E1 – trees very close to each other, but with a large variety of heights. The apes must be capable to climb high trees and perfectly jump to trees of lower height.

E2 – trees of approximate same height, but far from each other. The apes have less to climb, but must be able to make very large horizontal jumps.

E2 – a random combination of E1 and E2.

The six conclusions listed above will sound like this:

  1. Apes which live in either E1 or E2 will become more efficient if they live for a long time in E1 or E2. This is adaption which is observed in nature and which is predicted by the theory of evolution. We may call this micro-evolution, since it consists of small changes.
  2. If the apes suffer random mutations, some of these mutation lead to diseases or simply make some apes non-viable. This is consistent with observations in nature, however in my experiment I have a larger number of failures than expected.
  3. The apes which evolve in a particular environment will accumulate junk DNA. It was believed for a long time that most of a species’ DNA consists of junk (i.e. non-functional code), but in recent years it was found that very little of the DNA is really junk, most of it having some function or another. Since my simulation is based on Darwinian evolution, it follows that Darwinian evolution does not correctly predict the amount of junk DNA. It should be much higher than observed in nature.
  4. It is expected that apes which adapt to E1 (tall trees very close to each other) will be less adapted to E2 (trees of about the same height, but far from each other). In the fist case, apes will be able to climb very well and jump from high trees down, but not make large jumps between more distant trees. In the same way, apes adapted to E2 will be less fit for E1.
  5. Birds are capable to raise to the top of the highest trees and move without difficulty between trees that are distant from each other. Apes will never be able to reach the same ability.
  6. Adaptation to a particular environment, E1 or E2, results in less capability to survive in the other. For instance, in E1 the apes do not have to make very long horizontal jumps, and over many generations will lose this capability. Also, apes in E2 do not have to climb or jump down from very high trees and land graciously, and in many generations will lose this capability.

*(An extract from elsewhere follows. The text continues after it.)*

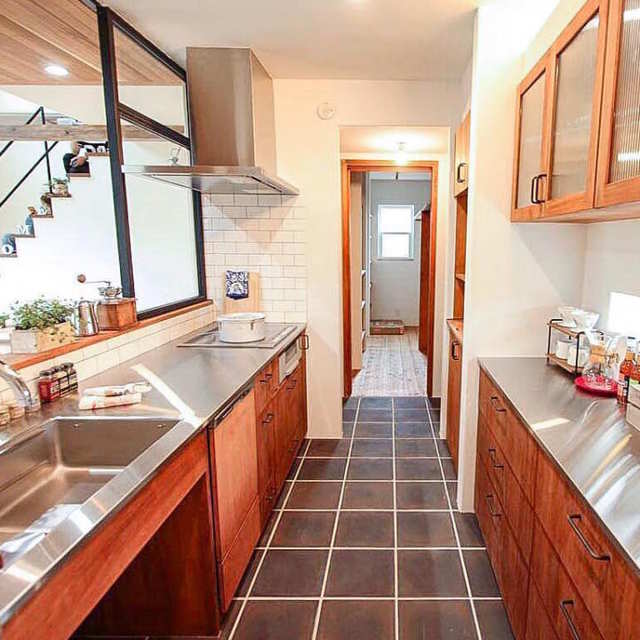 レンガ調タイル&クロスを採用♪[キッチン]のナチュラルインテリア実例

The final conclusions are these:

Conclusion 1: Microevolution does happen. It is observed in nature, and it is observed in my simulation.

Conclusion 2: Microevolution with adaptation to a particular environment may result in loss of function. As Michael Behe observed, you can make a car more fuel efficient by throwing out the radio and the air conditioning. It becomes better in one dimension of fitness (fuel efficiency) but worse in another (comfort). It is improvement with loss of function. A species which adapts to a particular environment becomes less adapted to other environments.

Conclusion 3: Species do not evolve into other species. Evolved Bubble Sort programs do not become Quick Sort programs, which are based on a different plan. Neo Darwinism assumes but cannot demonstrate that reptiles or mammals can evolve into birds. Evolution can improve marginal characteristics (color, size, speed) but not change body plans.

One may observe that evolution in the SortWorld follows exactly the rules of Darwinian evolution as it is believed to happen in the biological world (let’s call it BioWorld).  Of course, one may argue that in BioWorld there are some other factors which I did not include in SortWorld.

Let’s assume that BioWorld contains a Factor X which makes macro evolution possible. Until we know what this Factor X is, the SortWorld is a perfect parallel to the BioWorld, and any conclusions based on observing evolution in the SortWorld should also apply to the BioWorld.